8. Invest in Yourself

There’s not much to love about COVID-19, although the pandemic has also opened up certain opportunities — many adults have never had so much free time on their hands. Bush encourages parents to use those moments wisely by investing in themselves. “Information is often free and readily accessible,” says Bush. “Now may be a great time to explore building a side gig or a new venture that monetizes your hobbies and passions.”

9. Still Working? Keep Saving

There are two types of investors — those who can stomach as short-term volatility and those who tear through their medicine cabinet looking for Tums. For younger investors who are in the former camp, Bush says it’s a great time to benefit from stocks being “on sale” right now.

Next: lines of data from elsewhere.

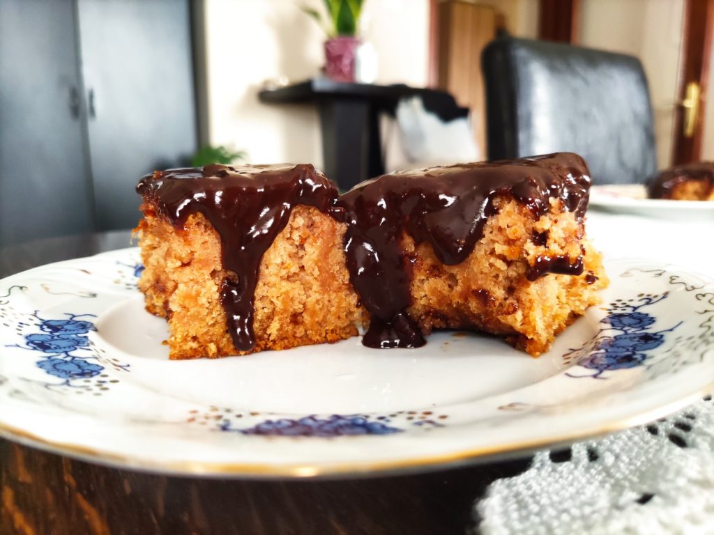 Umutiti jednu čašu (od jogurta) šećera, jednu čašu (od jogurta) vode, pola čaše (od jogurta) ulja, dve čaše (od jogurta) brašna, pola kašičice sode bikarbone, dve kašike džema (najbolje od šljiva). Opciono dodajte kašičicu cimeta i po želji malo suvog voća. Sipati u podmazan i brašnom posut đuveč, peći na 200 stepeni 20 minuta. Kada je kolač gotov izvaditi, premazati sa četiri kašike džema, odozgo glazura od 150 g čokolade (otopljena čokolada sa malo ulja).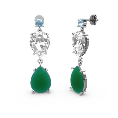 Akuamarin, kök zümrüt ve beyaz zirkon 925 ayar gümüş küpe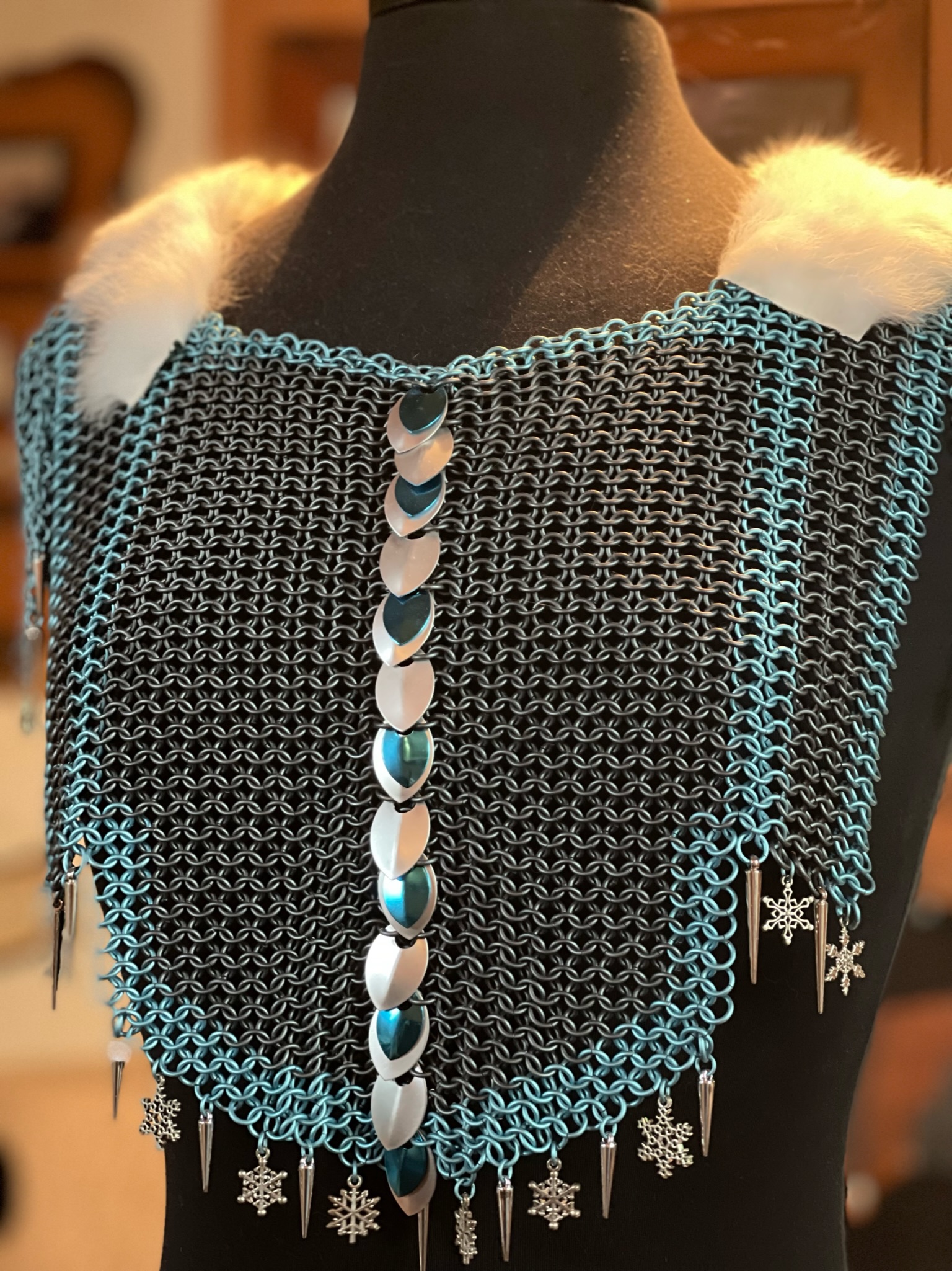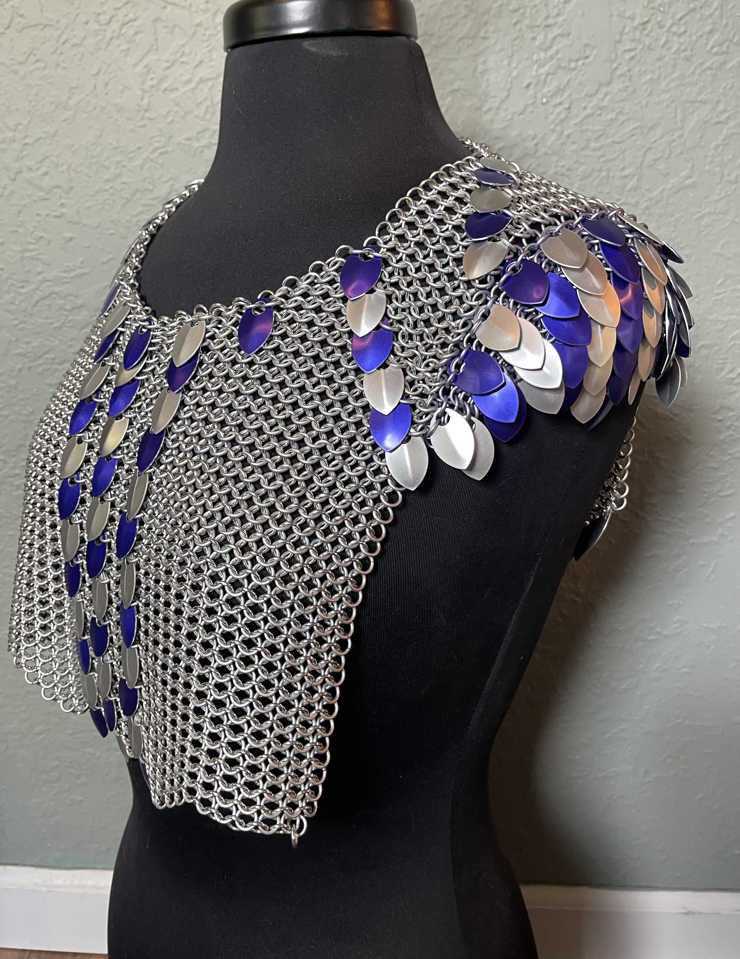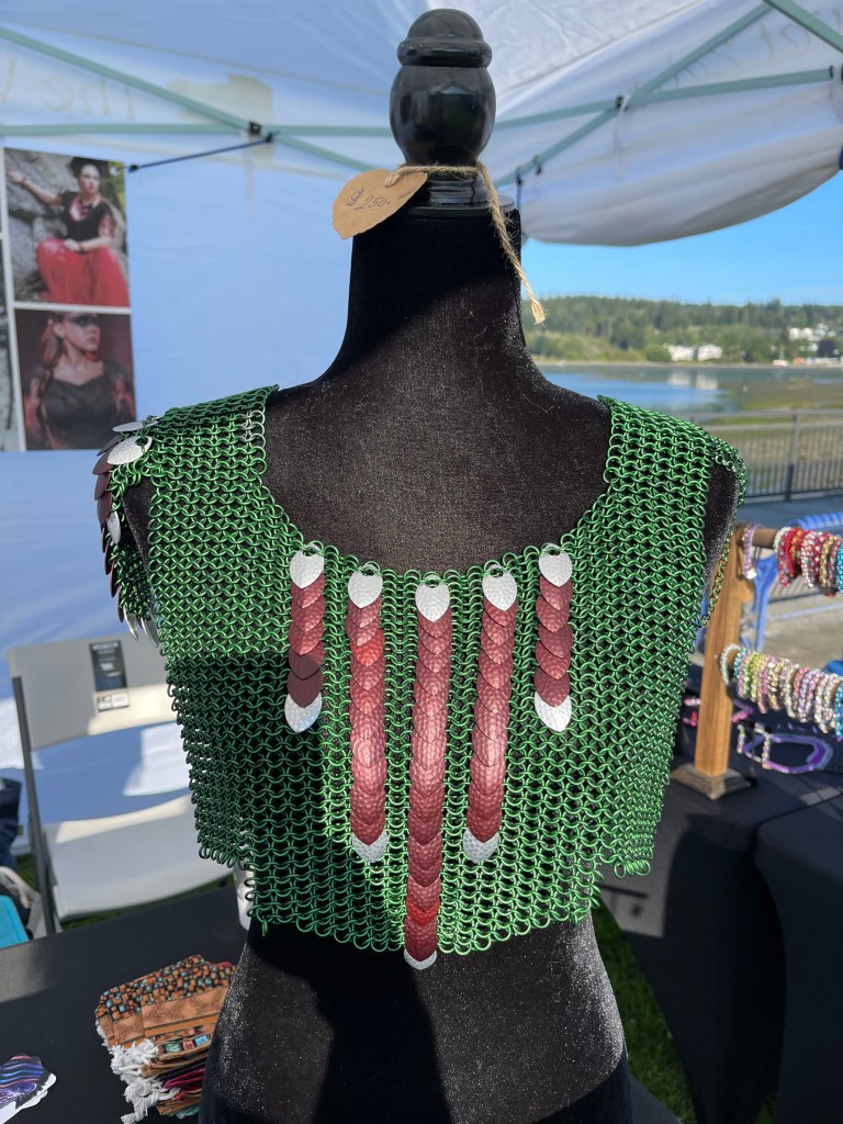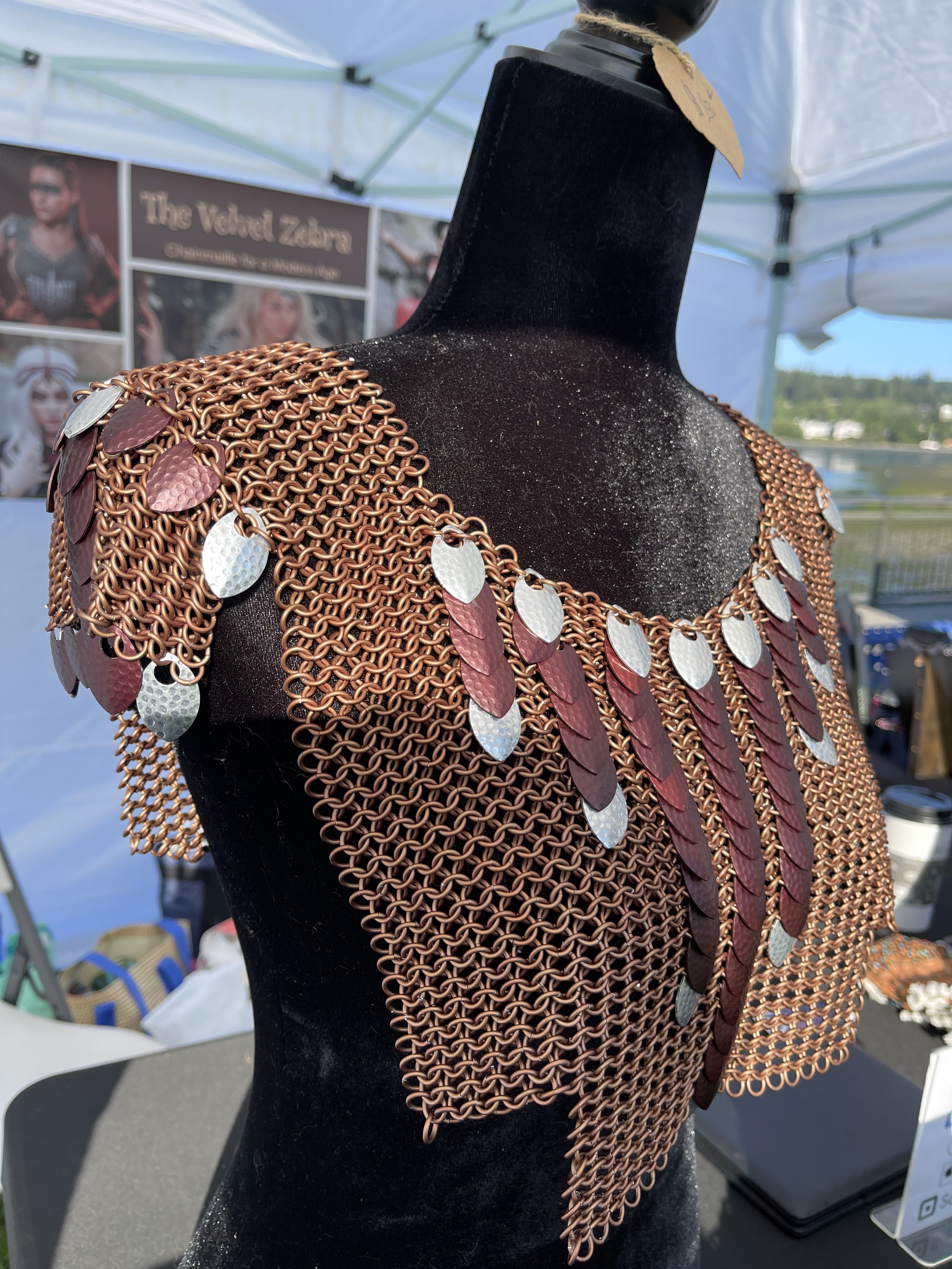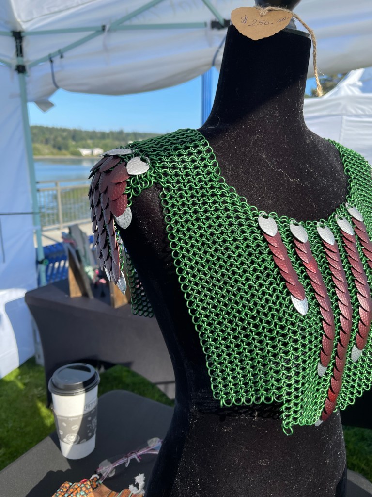 Matte Green with Henna and Silver Dragon scales. One shoulder scaled, one shoulder draped.

If you have a 401(k), Bush recommends dollar-cost averaging, or investing the same amount each paycheck, regardless of where the market is.

For those who get squeamish, though, Bressington says it’s okay to sit on the sidelines for a while. “If you’re a conservative person, don’t be an aggressive investor because it’s only going to cause you anxiety,” she says.

10. Avoid Sudden Movements

The markets have regained much of their lost ground, but given the unpredictable scenario we’re now in, there’s no telling which direction they’ll head from one week to the next. Bressington likens the stock market to the rattlesnake you might encounter during a morning hike, where any quick movements can be costly. Her advice? “You need to stop, assess the situation, and then slowly make changes.”

11. Use Losses to Minimize Your Tax Bill

The conventional wisdom tells investors to buy low and sell high. But Bressington says there may be a very good reason to sell a losing stock or mutual fund — so you can count those capital losses against your capital gains or a portion of your taxable income. That doesn’t mean you have to exit the market, though. The IRS allows you to “harvest” losses as long as you don’t purchase a “reasonably similar” investment; and if you wait at least 31 days, you can simply repurchase the same securities you used to own. The rules get a bit tricky, so it doesn’t hurt to touch base with a professional if you head down that path.

12. Keep a Long-Term Perspective

As bad as things may look now, the fact is that most younger parents will have decades of prime earning years ahead of them. Bush says you should maintain that longer view of things as you make decisions. “If you get overwhelmed, stop, breathe, and remember that you have time to recover, and with some flexibility, you can come back stronger than before,” says Bush. “Setbacks are a part of life, and if used correctly, can be used to improve your financial outlook.”